▶ ASSIGNED TASK
Skipping all pictures, please restate word for word the lines from the one that contains "Первый почтовый блок" through the last line of the entries.

(Records excerpted from a collection)

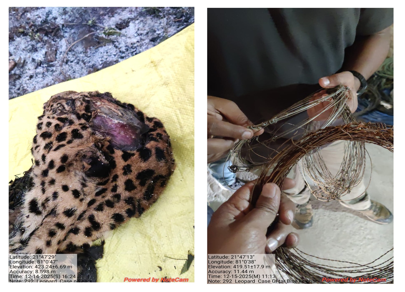 घटना की गंभीरता को दृष्टिगत रखते हुए तत्काल डॉग स्क्वॉड टीम को मौके पर बुलाया गया। प्रशिक्षित श्वान की सटीक निशानदेही पर घटना स्थल से लगभग 400-500 मीटर दूर स्थित दो मकानों से कुल 21.300 कि.ग्रा. जी.आई. तार जप्त किया गया, जो वन्यजीव शिकार में प्रयुक्त होने की आशंका है। साथ ही मृत तेंदुए के सिर का सड़ा हुआ भाग, रीढ़ की हड्डी, पैर एवं पूंछ जप्त कर वैज्ञानिक परीक्षण एवं आगे की जांच हेतु सुरक्षित किया गया है। प्रकरण से जुड़े अन्य संदिग्धों एवं ग्रामीणों से भी सघन पूछताछ की जा रही है।
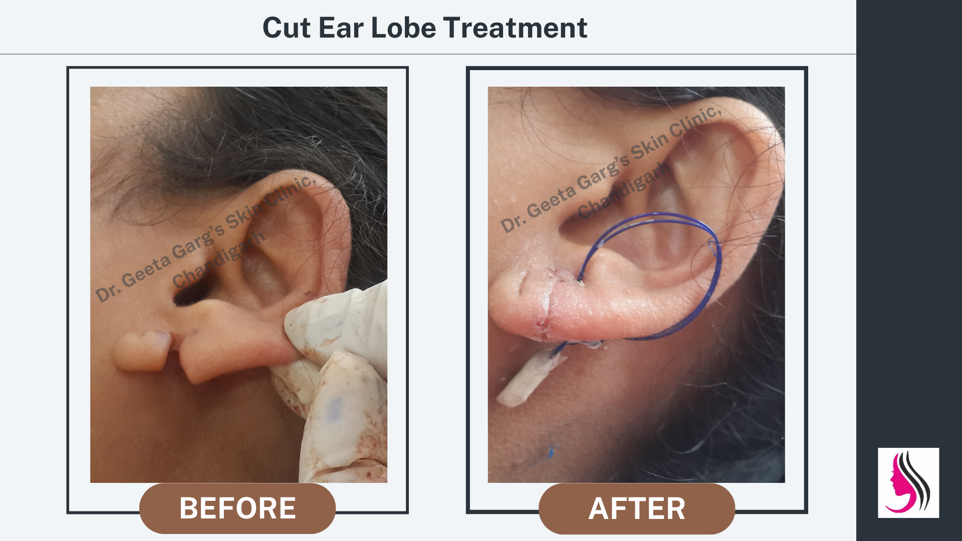 Torn, split, or stretched earlobes are a common concern—often caused by heavy earrings, trauma, or accidental pulls. At Dr. Geeta Garg’s Skin Clinic, Chandigarh, we offer safe and effective ear lobe repair (ear lobe stitching) procedures to restore the natural shape of your ear.
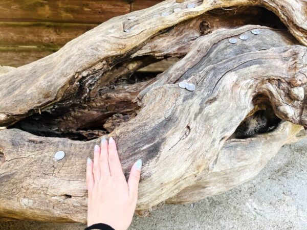 これは桑野古木で、神社を作っている際に土の中から出た自然の古木なんです。
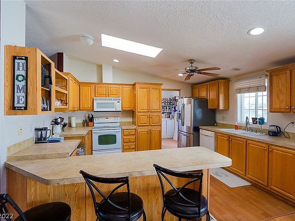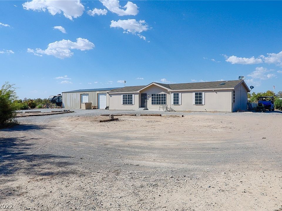 WOW! On over 2.2 acres, surrounded by mesquite trees, with beautiful mountain views, sits this quaint manufactured home. 3 beds, 2 full baths, nice sized closets and a separate dining area. Master bedroom with private bath and a large soaking tub. Luxury vinyl flooring throughout. Tons of storage. Private well , septic and fully fenced!! Pump house. Next to the home sits a detached 60 x 40 garage/shop and a RV pad with full 50 amp RV hookups along with washer and dryer hookups and a half bath inside the garage. Close to the dog park. This place is ready for your personal touches. So many possibilities.
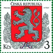 Первый почтовый блок Чешской Республики с изображением большого государственного герба вышел в июне 1993 года[7].
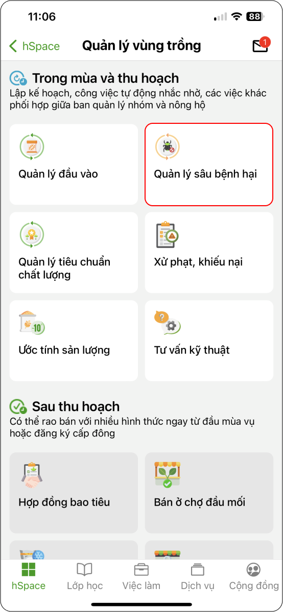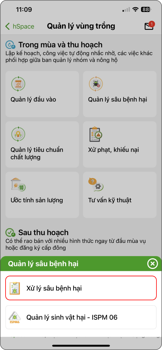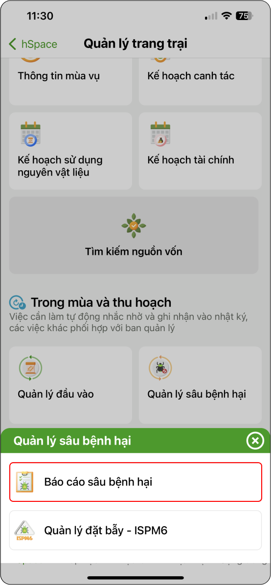 B4: Chọn “Quản lý sâu bệnh hại” (Hình 1) → Báo cáo sâu bệnh (Hình 2)
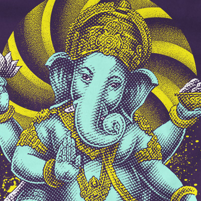 Hindu goddess features a Ganesh design with detailes. Screen print now available for Adobe Photoshop and can be used for digital printing and screenprinting
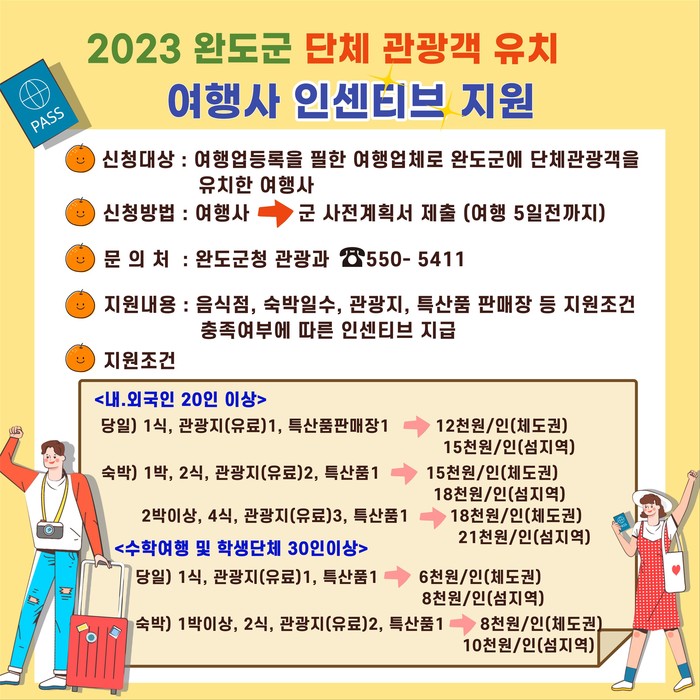 | ▲ 2023년 완도군 단체 관광객 여행사 인센티브 지원 안내문(사진제공=완도군) |

▶ TASK SOLUTION
 Первый почтовый блок Чешской Республики с изображением большого государственного герба вышел в июне 1993 года[7].
 B4: Chọn “Quản lý sâu bệnh hại” (Hình 1) → Báo cáo sâu bệnh (Hình 2)
 Hindu goddess features a Ganesh design with detailes. Screen print now available for Adobe Photoshop and can be used for digital printing and screenprinting
 | ▲ 2023년 완도군 단체 관광객 여행사 인센티브 지원 안내문(사진제공=완도군) |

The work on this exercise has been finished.